Lettres persanes/Lettre 50

Texte établi par André LefèvreA. Lemerre (p. 105-106).

LETTRE l.

Rica à ***.


J’ai vu des gens chez qui la vertu étoit si naturelle qu’elle ne se faisoit pas même sentir : ils s’attachoient à leur devoir sans s’y plier, et s’y portoient comme par instinct ; bien loin de relever par leurs discours leurs rares qualités, il sembloit qu’elles n’avoient pas percé jusques à eux. Voilà les gens que j’aime ; non pas ces hommes vertueux qui semblent être étonnés de l’être, et qui regardent une bonne action comme un prodige dont le récit doit surprendre.

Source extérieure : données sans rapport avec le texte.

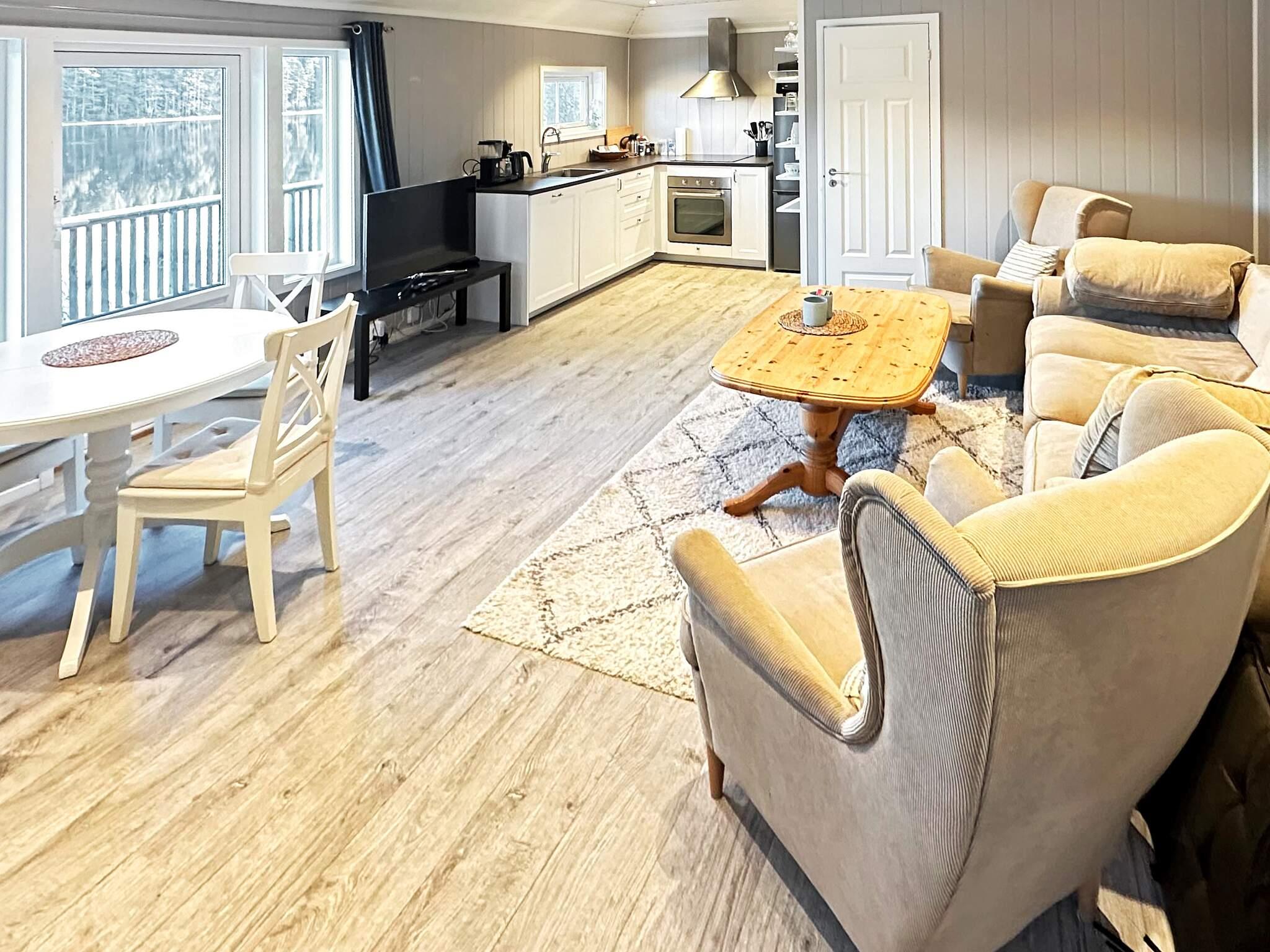 Das Ferienhaus vereint heimeligen Komfort mit modernen Annehmlichkeiten. Dank der Lage direkt am Fluss Otra können Sie vom Wohnzimmer aus das beruhigende Plätschern des fließenden Wassers und die wunderbare Aussicht genießen.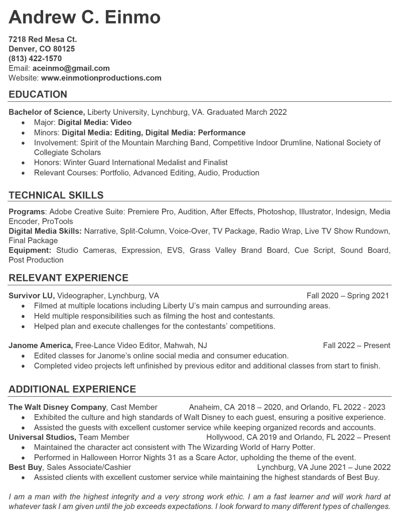 I have worked in several locations throughout my life. Right out of High School I worked at the popular movie theatre chain Regal Cinemas as a food service worker, assisting guests to the best of my abilities. This experience helped me achieve other Food Service positions at Disneyland Resort and Walt Disney World Universal Studios: Hollywood/Orlando
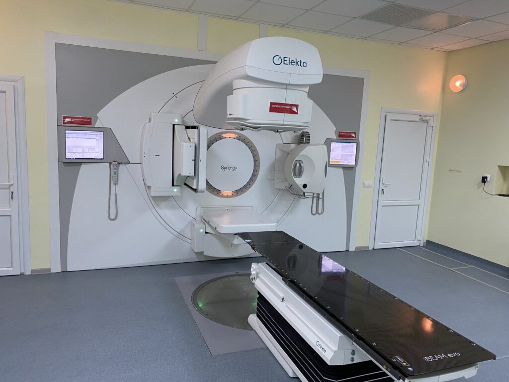 « Основным преимуществом современного оборудования является то, что мы имеем возможность максимально точно подвести дозу облучения к самой опухоли и при этом максимально защитить от переоблучения здоровые органы и ткани. Устаревшее оборудование на такое не способно, то есть попытка подвести такую радикальную дозу на устаревшем оборудовании не только не полезна для пациента, иногда она вреднее больше, чем сама опухоль. Согласитесь, лечение не должно быть тяжелее болезни. Так, например, из клинических рекомендаций исчезла такая опция как проведение лучевой терапии с перерывами. Раньше, ещё несколько лет назад, такое лечение получало множество пациентов с раком предстательной железы, раком прямой кишки, многими другими локализациями, раком пищевода, раком легкого. Сегодня ученными доказано, что перерывы в лечении всегда приводят к потере качества, эффективности. В тоже время оборудование, которое установлено в Новомосковске не позволяло проводить такое лечение без перерывов из-за того, что в процессе лечения у пациентов практически в 100% случаев развивались серьёзные, токсические явления, лучевые реакции, которые требовали перерыва.

Si la modestie est une vertu nécessaire à ceux à qui le ciel a donné de grands talents, que peut-on dire de ces insectes qui osent faire paroître un orgueil qui déshonoreroit les plus grands hommes ?

Je vois de tous côtés des gens qui parlent sans cesse d’eux-mêmes : leurs conversations sont un miroir qui présente toujours leur impertinente figure ; ils vous parleront des moindres choses qui leur sont arrivées, et ils veulent que l’intérêt qu’ils y prennent les grossisse à vos yeux ; ils ont tout fait, tout vu, tout dit, tout pensé ; ils sont un modèle universel, un sujet de comparaisons inépuisable, une source d’exemples qui ne tarit jamais. Oh ! que la louange est fade lorsqu’elle réfléchit vers le lieu d’où elle part !

Il y a quelques jours qu’un homme de ce caractère nous accabla pendant deux heures de lui, de son mérite et de ses talents ; mais, comme il n’y a point de mouvement perpétuel dans le monde, il cessa de parler ; la conversation nous revint donc, et nous la prîmes.

Un homme qui paraissoit assez chagrin commença par se plaindre de l’ennui répandu dans les conversations. Quoi ! toujours des sots qui se peignent eux-mêmes, et qui ramènent tout à eux ? Vous avez raison, reprit brusquement notre discoureur. Il n’y a qu’à faire comme moi ; je ne me loue jamais ; j’ai du bien, de la naissance, je fais de la dépense ; mes amis disent que j’ai quelque esprit ; mais je ne parle jamais de tout cela : si j’ai quelques bonnes qualités, celle dont je fais le plus de cas, c’est ma modestie.

J’admirois cet impertinent, et, pendant qu’il parloit tout haut, je disois tout bas : Heureux celui qui a assez de vanité pour ne dire jamais de bien de lui ; qui craint ceux qui l’écoutent ; et ne compromet point son mérite avec l’orgueil des autres !

À Paris, le 20 de la lune de Rhamazan, 1713.